During my last year of grad school (International Relations) at UCLA, I got a note in my mailbox one day that "Mr. Smith", a representative of the Central Intelligence Agency, was in town for a few days and staying at a local hotel. The note said that, if I was interested in discussing a possible job with his employer, I should call to set up an interview. Mostly out of curiosity, I did. The meeting lasted no more than 10 minutes. I was unshaven, hungover and wearing board shorts (I'd never really been on a job interview before and didn't know the dress code). Obviously, I wasn't taking it very seriously and "Mr. Smith" was equally relaxed and seemingly unimpressed. He asked me a few very lightweight questions including my employment experience -- bartender -- and what I liked to do in my free time -- (illegal) street racing. When he stood up and thanked me for coming in, I was pretty sure it was the last time I would be hearing from them.

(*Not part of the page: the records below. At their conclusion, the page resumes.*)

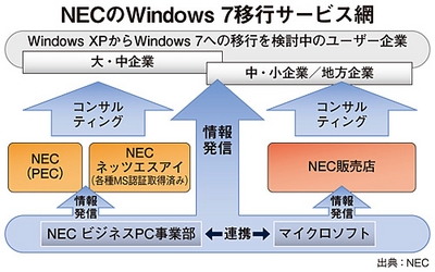 大企業向けには、NECの検証センター「PEC」を通じてOS移行サービスを提供。中規模企業向けには、NECネッツエスアイがコンサルティングを含めた「Windows 7」の導入支援サービスをメニュー化している。「NECグループで取り組んできた実績や経験を生かしていく」という狙いだ。厳しいといわれるPC販売を回復できるか否かは、このようなNECの支援強化により、販社の販売意欲が高まるかどうかにかかっている。(佐相彰彦)
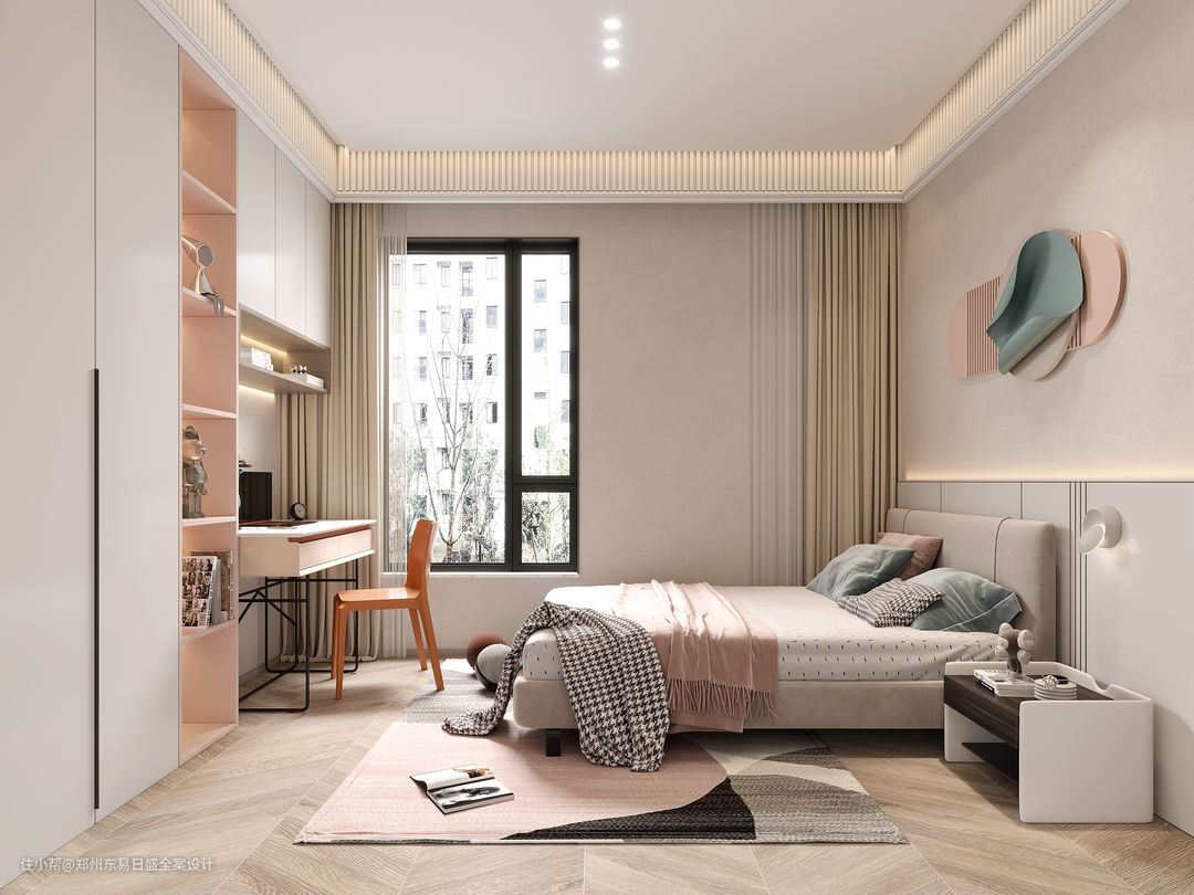 儿童房的整体风格也是温柔自愈的奶油风,书桌方向做衣柜书桌一体设计,对空间的利用率做到极致,悬浮顶 软装和灯光的搭配营造出温馨舒适的起居环境。
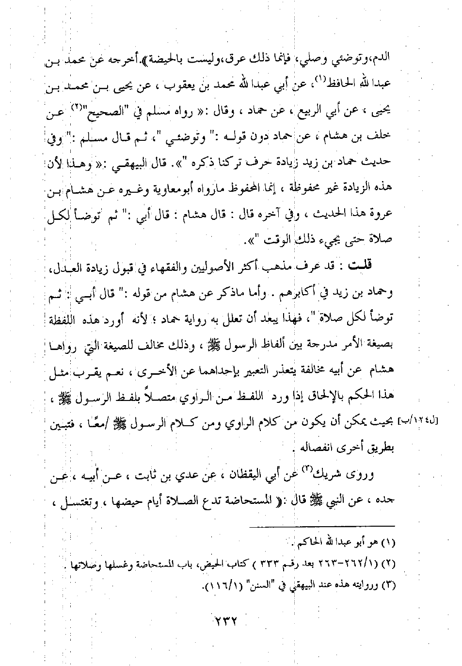 قلت: قد عرف مذهب أكثر الأصولين والفقهاء في قبول زيادة العدل، وحماد بن زيد في أكابرهم. وأما ما ذكر عن هشام من قوله: "قال أبي: ثم توضأ لكل صلاة"، فهذا يبعد أن تعلل به رواية حماد، لأنه أورد هذه اللفظه بصيغة الأمر مدرجة بين ألفاظ الرسول صلى الله عليه وسلم، وذلك مخالف للصيغة التي رواها هشام عن أبيه مخالفه يتعذر التعبير بإحداهما عن الأخرى، نعم يقرب مثل هذا الحكم بالإلحاق إذا ورد اللفظ من الراوي متصلا بلفظ الرسول صلى الله عليه وسلم، بحيث يمكن أن يكون من كلام الرواي ومن كلام الرسول صلى الله عليه وسلم معا، فتبين بطريق أخرى انفصاله.

It wasn't. A month later I received a letter with a Washington, DC postmark and no return address. Inside was an unsigned, generic-sounding letter on a plain sheet of paper congratulating me on my "excellent" (huh?) interview with Mr. Smith and asking me to phone the following number to arrange further discussions regarding potential employment with "our organization". That began an intense, challenging, bizarre, year-long process that culminated with me being approved for entry into the Agency's legendary training program for new operations officers -- Spy School.

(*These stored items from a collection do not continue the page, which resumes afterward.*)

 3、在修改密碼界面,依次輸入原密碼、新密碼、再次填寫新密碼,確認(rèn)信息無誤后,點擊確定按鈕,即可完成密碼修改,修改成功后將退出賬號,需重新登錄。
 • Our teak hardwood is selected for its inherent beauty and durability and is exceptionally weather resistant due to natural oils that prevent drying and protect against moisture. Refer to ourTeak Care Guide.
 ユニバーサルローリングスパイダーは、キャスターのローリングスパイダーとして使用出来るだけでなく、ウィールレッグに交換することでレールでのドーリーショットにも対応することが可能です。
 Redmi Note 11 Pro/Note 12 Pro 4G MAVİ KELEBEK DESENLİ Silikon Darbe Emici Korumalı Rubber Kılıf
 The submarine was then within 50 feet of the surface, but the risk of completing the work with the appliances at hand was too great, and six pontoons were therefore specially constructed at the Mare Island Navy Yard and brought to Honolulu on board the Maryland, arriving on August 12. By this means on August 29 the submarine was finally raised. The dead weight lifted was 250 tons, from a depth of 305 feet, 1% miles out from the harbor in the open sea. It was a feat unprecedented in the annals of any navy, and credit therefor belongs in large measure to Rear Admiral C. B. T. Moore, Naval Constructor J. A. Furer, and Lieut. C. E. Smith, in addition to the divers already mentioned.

I later learned that recruiters like Mr. Smith are themselves mostly semi-retired operatives who mine the colleges and universities in their assigned region (Southern California in this case) for new "talent". I also discovered that these recruiters often have unofficial sources (CIA-friendly scouts, if you will) inside the faculties of the schools they are targeting who steer them toward students who may fit the bill. To this day I'm still not certain which of my professors is the one who "spotted" me.